_What is required:_
Copy word for word the lines in the records below, starting at the line with "Marinert biff, marinert" and ending at the line with "ツイル目の柔らかい先染めチェ". Skip the pictures.

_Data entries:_

:::

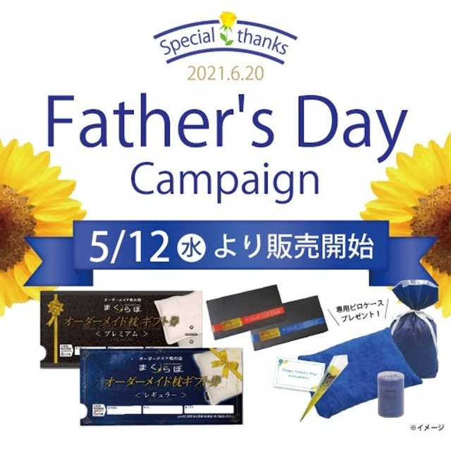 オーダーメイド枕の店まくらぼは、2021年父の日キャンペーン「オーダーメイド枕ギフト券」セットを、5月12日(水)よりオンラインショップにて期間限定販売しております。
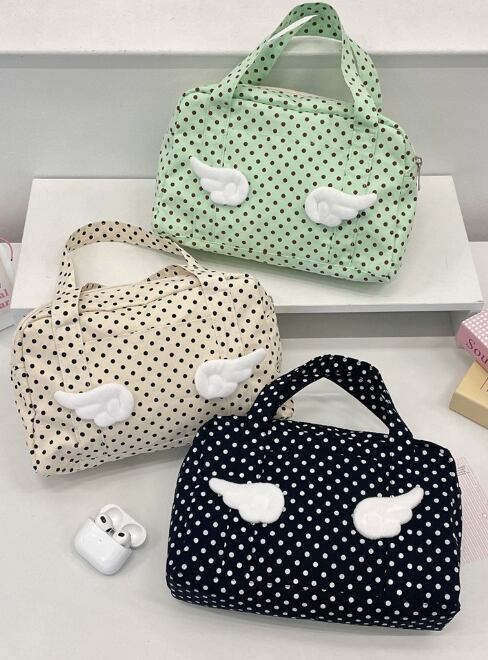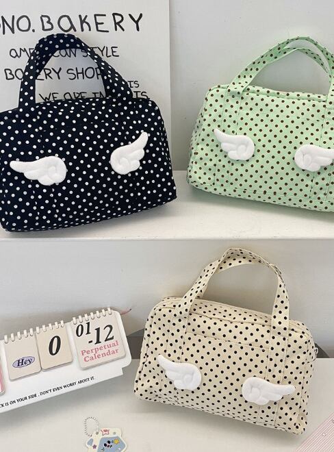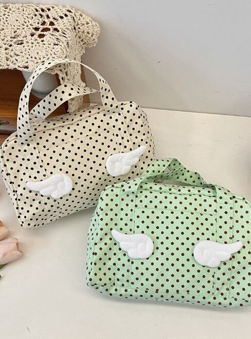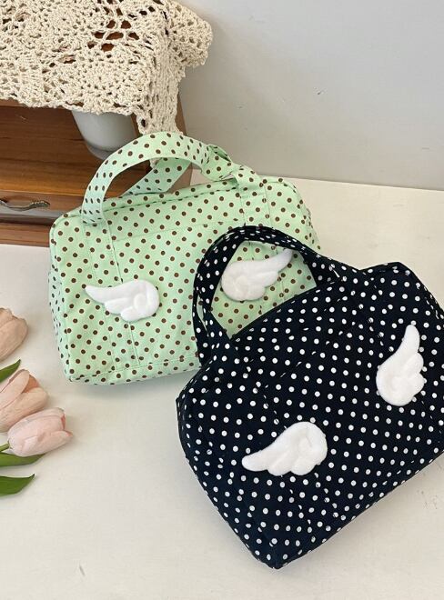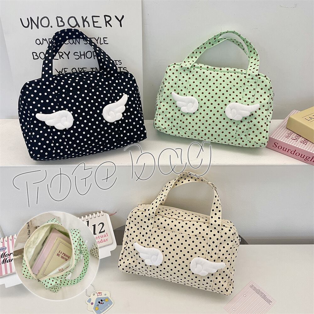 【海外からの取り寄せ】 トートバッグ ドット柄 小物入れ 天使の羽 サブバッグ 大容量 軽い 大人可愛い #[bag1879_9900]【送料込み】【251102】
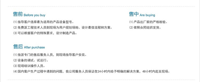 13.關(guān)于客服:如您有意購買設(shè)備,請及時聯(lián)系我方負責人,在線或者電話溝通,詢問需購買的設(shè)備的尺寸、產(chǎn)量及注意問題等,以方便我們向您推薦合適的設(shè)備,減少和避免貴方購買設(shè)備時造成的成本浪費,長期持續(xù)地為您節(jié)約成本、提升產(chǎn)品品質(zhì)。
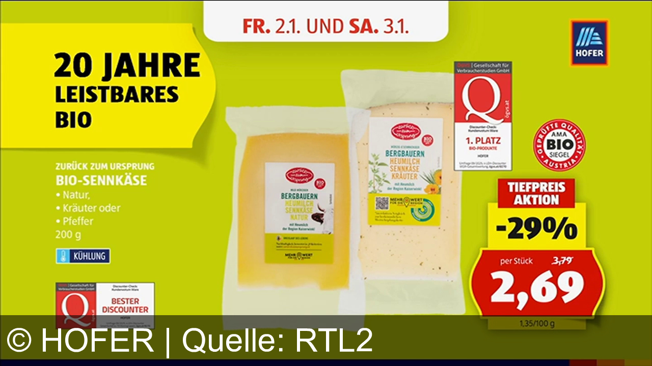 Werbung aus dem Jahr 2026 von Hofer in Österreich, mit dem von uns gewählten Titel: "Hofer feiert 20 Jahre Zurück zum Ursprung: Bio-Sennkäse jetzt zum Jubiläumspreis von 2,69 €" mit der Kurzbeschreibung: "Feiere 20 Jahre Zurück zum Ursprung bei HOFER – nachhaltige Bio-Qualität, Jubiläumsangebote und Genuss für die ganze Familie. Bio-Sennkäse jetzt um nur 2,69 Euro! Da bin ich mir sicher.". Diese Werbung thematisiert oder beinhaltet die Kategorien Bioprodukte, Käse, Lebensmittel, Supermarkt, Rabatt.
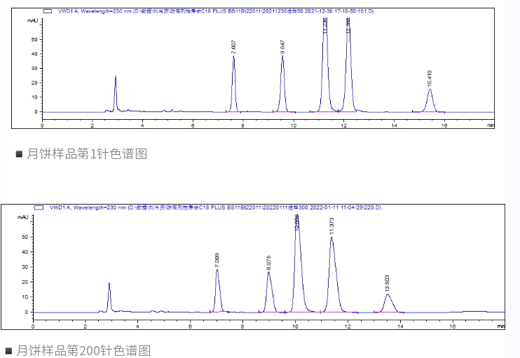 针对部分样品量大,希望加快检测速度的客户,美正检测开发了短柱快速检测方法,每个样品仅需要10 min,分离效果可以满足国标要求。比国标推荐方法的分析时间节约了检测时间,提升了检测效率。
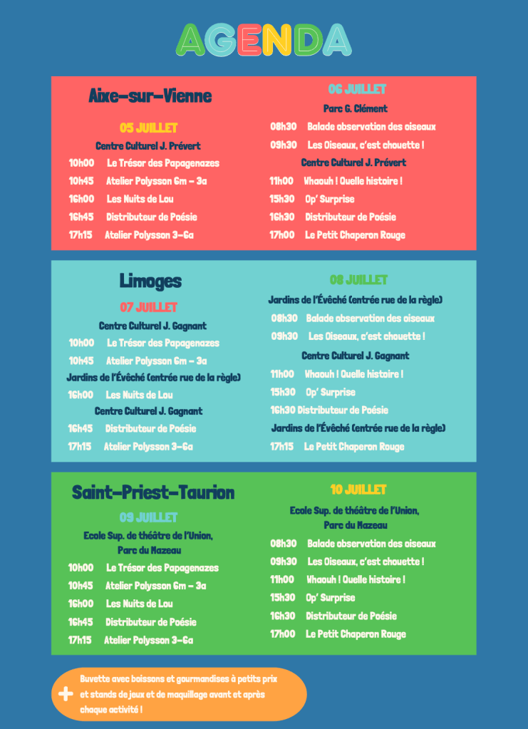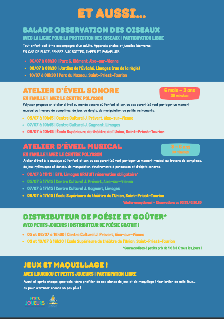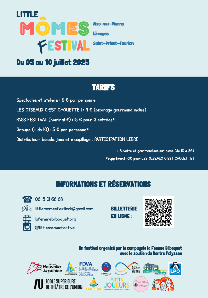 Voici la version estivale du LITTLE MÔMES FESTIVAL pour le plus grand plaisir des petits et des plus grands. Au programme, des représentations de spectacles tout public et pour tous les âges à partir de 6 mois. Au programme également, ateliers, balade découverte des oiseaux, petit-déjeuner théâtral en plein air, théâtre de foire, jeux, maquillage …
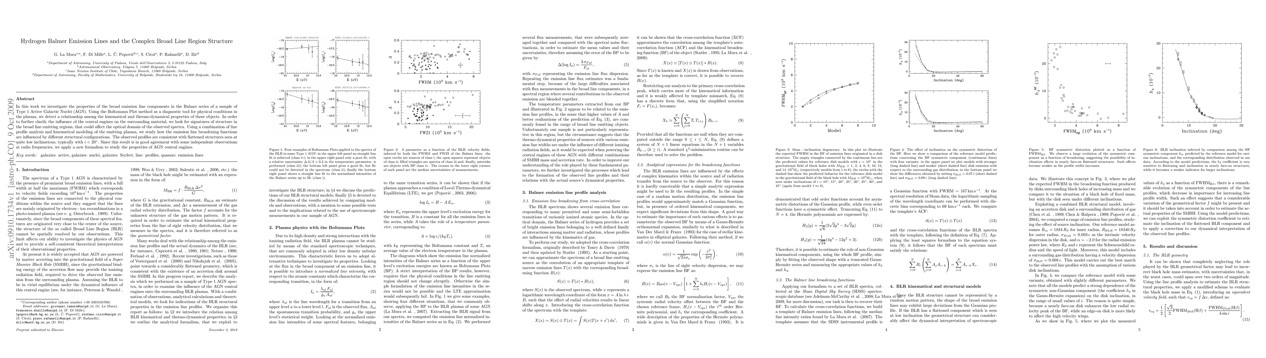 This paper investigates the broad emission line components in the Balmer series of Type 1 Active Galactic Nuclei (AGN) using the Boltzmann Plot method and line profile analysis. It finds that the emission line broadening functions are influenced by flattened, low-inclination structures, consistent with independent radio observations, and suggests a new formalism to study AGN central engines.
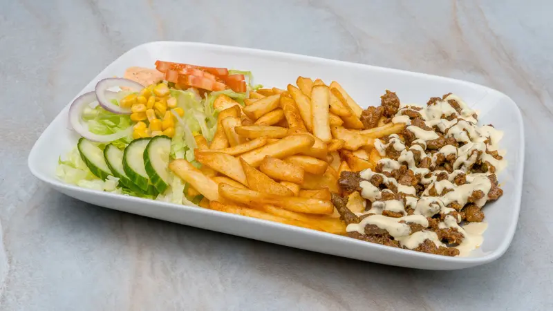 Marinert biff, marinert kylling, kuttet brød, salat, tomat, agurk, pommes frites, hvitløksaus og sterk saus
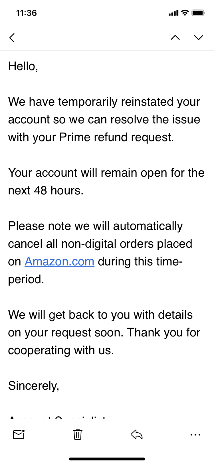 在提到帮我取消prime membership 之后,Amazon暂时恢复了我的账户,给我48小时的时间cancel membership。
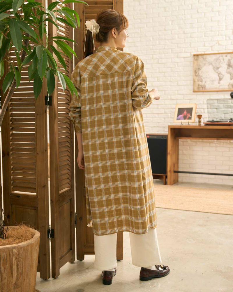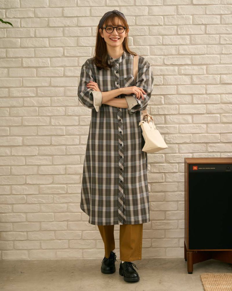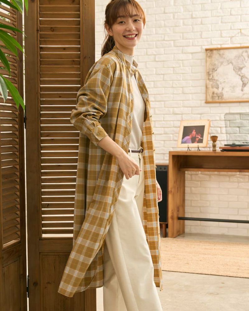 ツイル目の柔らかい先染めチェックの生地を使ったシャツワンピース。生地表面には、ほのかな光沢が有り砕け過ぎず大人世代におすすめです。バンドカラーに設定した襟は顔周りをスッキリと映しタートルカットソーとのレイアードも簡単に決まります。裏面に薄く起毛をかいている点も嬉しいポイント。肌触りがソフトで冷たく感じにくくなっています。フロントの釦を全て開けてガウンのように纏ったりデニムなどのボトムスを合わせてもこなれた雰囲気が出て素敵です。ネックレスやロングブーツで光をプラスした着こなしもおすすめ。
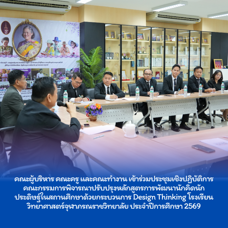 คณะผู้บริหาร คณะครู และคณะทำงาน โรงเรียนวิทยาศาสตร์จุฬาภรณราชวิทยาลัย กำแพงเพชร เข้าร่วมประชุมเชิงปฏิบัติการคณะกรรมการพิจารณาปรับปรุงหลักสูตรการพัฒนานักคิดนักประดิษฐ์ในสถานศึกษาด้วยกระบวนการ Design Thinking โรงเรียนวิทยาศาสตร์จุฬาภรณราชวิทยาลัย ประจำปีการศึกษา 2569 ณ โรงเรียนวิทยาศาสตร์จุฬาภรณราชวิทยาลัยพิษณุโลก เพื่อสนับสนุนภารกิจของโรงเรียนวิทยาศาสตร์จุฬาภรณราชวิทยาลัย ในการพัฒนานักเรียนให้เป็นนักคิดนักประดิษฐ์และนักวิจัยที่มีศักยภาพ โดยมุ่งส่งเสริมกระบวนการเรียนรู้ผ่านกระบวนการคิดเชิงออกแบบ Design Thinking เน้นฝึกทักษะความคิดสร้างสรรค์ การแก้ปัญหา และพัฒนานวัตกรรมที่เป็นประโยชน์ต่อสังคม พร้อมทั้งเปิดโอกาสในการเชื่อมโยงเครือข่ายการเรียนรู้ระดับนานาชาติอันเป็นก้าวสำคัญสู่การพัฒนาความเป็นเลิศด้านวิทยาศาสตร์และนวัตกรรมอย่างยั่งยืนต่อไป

:::

_Task output:_
 Marinert biff, marinert kylling, kuttet brød, salat, tomat, agurk, pommes frites, hvitløksaus og sterk saus
 在提到帮我取消prime membership 之后,Amazon暂时恢复了我的账户,给我48小时的时间cancel membership。
 ツイル目の柔らかい先染めチェックの生地を使ったシャツワンピース。生地表面には、ほのかな光沢が有り砕け過ぎず大人世代におすすめです。バンドカラーに設定した襟は顔周りをスッキリと映しタートルカットソーとのレイアードも簡単に決まります。裏面に薄く起毛をかいている点も嬉しいポイント。肌触りがソフトで冷たく感じにくくなっています。フロントの釦を全て開けてガウンのように纏ったりデニムなどのボトムスを合わせてもこなれた雰囲気が出て素敵です。ネックレスやロングブーツで光をプラスした着こなしもおすすめ。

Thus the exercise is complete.